--- Required action ---
Only the lines from the one containing "点击软件左侧的【+】号,就可" through the one containing "2021年5月,零跑S01销" should be printed, exactly as they appear below, with both ends included.

Stored entries

* * * * *

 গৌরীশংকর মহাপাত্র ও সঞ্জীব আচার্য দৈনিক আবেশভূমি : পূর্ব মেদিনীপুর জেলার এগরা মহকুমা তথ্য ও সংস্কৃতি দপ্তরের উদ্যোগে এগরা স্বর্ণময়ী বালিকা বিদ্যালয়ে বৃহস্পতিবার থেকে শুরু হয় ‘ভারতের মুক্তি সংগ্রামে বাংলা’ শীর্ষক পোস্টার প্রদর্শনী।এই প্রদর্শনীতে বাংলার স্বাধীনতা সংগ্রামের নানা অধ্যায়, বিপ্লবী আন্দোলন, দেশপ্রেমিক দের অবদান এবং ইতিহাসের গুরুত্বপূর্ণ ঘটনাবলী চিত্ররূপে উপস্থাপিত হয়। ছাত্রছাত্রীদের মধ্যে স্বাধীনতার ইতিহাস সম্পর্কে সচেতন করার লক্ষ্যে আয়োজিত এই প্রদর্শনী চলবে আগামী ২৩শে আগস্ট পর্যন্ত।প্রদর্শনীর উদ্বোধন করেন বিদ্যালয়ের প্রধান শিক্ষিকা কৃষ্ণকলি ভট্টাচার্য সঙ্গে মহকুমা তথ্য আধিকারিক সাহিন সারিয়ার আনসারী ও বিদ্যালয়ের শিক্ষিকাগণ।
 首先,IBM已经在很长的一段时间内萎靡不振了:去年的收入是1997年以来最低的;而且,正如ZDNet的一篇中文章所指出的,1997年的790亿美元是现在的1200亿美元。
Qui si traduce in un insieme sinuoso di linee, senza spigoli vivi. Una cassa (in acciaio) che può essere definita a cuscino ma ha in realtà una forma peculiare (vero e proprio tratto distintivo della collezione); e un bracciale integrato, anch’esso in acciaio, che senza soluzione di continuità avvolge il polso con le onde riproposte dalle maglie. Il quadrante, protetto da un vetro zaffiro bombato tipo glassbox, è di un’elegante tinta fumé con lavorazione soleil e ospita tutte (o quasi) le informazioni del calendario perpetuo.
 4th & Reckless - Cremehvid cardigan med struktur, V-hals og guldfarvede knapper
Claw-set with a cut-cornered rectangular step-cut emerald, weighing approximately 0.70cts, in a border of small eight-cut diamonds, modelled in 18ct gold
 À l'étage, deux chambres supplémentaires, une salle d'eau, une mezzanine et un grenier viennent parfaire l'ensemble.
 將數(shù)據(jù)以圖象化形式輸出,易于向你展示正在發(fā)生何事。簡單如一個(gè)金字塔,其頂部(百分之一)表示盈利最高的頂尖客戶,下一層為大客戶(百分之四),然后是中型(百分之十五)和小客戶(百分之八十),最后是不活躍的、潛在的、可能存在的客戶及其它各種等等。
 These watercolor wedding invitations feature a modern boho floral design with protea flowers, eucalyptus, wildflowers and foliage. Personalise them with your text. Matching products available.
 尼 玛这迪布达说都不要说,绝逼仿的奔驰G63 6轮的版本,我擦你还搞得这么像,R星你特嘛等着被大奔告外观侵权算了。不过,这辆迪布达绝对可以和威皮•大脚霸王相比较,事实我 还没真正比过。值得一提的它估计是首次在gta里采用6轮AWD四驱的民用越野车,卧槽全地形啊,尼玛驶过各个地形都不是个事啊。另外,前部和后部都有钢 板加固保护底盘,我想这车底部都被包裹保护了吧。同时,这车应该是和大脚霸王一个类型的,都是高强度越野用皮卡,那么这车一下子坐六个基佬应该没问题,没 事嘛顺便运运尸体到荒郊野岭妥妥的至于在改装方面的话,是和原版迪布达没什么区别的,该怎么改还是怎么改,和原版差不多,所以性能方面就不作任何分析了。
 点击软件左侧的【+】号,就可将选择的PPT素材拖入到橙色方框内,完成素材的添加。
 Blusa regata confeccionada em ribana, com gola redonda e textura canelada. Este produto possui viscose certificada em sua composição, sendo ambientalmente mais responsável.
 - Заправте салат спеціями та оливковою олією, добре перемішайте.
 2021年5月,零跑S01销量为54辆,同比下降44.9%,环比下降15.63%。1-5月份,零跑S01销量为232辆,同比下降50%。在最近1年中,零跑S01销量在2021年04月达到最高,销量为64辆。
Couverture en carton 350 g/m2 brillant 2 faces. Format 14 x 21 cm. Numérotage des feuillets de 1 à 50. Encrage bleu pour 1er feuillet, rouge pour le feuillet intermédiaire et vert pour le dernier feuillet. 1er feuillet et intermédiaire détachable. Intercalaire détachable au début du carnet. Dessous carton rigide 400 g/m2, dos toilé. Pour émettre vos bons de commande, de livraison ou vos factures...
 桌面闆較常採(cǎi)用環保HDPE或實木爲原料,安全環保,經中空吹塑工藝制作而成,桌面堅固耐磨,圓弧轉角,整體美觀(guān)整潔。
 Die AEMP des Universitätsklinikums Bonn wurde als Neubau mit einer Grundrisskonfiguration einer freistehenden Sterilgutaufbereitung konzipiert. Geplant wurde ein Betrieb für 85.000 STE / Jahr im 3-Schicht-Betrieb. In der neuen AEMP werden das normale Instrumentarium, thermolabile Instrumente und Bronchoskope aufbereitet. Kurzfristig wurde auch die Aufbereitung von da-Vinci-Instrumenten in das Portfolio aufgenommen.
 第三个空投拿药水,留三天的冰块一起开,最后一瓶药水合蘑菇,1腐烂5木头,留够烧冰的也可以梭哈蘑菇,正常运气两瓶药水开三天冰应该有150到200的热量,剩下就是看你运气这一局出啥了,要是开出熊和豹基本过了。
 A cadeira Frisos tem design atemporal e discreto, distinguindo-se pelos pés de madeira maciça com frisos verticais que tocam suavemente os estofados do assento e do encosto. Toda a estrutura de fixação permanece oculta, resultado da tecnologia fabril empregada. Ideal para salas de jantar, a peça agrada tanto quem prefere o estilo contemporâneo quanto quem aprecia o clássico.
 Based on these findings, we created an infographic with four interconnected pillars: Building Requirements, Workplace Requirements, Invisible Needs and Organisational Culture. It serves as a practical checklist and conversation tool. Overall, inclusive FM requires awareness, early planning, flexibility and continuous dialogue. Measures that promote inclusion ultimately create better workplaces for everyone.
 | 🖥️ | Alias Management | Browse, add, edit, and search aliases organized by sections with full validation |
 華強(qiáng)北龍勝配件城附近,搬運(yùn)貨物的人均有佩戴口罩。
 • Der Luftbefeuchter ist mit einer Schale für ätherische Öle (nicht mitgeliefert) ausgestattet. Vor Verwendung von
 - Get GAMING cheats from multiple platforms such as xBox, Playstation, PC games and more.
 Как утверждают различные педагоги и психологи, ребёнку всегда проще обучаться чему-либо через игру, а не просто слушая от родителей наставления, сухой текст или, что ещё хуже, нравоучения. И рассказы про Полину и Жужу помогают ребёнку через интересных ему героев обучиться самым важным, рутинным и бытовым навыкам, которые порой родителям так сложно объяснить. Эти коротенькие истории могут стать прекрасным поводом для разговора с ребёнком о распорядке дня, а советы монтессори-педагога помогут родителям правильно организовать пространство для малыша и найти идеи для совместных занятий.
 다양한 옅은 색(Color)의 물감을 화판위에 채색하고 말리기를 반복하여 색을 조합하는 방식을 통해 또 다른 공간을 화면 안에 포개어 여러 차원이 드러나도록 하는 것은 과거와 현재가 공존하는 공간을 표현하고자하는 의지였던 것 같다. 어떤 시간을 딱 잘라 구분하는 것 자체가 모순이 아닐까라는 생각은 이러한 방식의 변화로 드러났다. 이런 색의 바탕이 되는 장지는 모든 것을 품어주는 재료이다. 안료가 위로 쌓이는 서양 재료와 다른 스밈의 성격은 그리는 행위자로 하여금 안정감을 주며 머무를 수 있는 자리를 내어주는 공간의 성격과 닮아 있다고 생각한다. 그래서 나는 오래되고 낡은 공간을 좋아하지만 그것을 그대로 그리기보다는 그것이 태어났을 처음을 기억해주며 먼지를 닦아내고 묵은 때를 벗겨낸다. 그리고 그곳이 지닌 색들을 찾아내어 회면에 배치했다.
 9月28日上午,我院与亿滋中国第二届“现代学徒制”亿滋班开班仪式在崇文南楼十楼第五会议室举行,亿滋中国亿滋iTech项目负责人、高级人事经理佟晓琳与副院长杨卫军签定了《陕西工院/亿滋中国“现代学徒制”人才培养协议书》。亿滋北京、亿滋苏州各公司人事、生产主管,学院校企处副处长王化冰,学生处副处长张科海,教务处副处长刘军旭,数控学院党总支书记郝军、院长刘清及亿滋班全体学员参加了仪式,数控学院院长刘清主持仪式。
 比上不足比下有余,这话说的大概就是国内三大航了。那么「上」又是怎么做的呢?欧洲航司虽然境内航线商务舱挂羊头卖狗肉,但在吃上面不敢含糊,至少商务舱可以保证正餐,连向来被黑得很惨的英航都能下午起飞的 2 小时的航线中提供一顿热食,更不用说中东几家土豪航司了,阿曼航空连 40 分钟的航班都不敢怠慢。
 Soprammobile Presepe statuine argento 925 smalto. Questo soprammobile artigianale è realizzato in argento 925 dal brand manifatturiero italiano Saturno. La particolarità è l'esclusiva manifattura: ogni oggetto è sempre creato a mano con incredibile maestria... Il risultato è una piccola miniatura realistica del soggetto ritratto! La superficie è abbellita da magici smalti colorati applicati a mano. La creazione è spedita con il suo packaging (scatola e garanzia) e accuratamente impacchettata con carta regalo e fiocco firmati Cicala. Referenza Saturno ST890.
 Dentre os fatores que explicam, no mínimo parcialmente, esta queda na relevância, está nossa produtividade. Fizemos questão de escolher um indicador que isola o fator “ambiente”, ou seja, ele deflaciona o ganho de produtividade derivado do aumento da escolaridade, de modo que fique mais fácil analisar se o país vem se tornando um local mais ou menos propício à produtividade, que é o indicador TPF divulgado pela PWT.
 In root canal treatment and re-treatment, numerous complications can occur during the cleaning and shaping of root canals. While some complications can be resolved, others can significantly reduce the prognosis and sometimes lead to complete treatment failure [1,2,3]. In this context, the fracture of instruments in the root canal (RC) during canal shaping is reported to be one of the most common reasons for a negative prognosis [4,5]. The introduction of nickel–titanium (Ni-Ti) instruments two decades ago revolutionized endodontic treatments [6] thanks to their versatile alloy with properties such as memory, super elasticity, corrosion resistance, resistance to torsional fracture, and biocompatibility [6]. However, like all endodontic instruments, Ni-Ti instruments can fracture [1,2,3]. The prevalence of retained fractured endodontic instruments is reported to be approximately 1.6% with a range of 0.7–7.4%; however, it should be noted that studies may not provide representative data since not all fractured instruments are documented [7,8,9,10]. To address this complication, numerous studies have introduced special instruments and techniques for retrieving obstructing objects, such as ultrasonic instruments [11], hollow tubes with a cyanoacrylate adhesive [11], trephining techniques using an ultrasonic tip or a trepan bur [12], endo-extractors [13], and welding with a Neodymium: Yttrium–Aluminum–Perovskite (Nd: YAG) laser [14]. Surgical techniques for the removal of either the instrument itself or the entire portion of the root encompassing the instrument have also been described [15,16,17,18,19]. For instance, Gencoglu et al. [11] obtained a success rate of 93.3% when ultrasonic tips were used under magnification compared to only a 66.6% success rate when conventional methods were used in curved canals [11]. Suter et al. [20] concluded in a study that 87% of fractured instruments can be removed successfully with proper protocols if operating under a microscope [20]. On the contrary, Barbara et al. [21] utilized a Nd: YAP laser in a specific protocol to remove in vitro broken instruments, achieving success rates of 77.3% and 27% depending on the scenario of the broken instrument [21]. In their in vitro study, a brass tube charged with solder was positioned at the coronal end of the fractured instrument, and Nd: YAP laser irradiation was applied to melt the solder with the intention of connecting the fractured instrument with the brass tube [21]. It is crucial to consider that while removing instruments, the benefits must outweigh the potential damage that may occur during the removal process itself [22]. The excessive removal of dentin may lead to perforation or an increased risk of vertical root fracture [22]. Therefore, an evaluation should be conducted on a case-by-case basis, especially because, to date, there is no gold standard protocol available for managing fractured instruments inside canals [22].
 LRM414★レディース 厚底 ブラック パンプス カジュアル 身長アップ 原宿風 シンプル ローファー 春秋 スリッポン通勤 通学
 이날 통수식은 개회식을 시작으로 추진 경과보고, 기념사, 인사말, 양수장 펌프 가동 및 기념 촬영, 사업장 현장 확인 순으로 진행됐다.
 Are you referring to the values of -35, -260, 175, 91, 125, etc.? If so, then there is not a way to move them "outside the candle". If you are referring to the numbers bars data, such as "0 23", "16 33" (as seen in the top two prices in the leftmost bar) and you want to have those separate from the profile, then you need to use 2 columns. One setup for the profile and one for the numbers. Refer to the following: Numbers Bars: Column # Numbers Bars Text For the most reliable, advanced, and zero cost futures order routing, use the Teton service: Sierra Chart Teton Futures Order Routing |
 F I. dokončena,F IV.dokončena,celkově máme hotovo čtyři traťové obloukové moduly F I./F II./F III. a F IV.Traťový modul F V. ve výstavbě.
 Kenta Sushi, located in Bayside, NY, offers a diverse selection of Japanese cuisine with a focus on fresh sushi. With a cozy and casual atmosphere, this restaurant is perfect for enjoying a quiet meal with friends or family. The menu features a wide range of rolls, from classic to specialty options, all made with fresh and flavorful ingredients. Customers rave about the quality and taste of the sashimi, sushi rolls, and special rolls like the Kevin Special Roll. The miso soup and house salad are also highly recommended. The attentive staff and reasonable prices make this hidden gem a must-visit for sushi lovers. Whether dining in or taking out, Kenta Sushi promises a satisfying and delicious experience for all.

* * * * *

--- Output of the task ---
 点击软件左侧的【+】号,就可将选择的PPT素材拖入到橙色方框内,完成素材的添加。
 Blusa regata confeccionada em ribana, com gola redonda e textura canelada. Este produto possui viscose certificada em sua composição, sendo ambientalmente mais responsável.
 - Заправте салат спеціями та оливковою олією, добре перемішайте.
 2021年5月,零跑S01销量为54辆,同比下降44.9%,环比下降15.63%。1-5月份,零跑S01销量为232辆,同比下降50%。在最近1年中,零跑S01销量在2021年04月达到最高,销量为64辆。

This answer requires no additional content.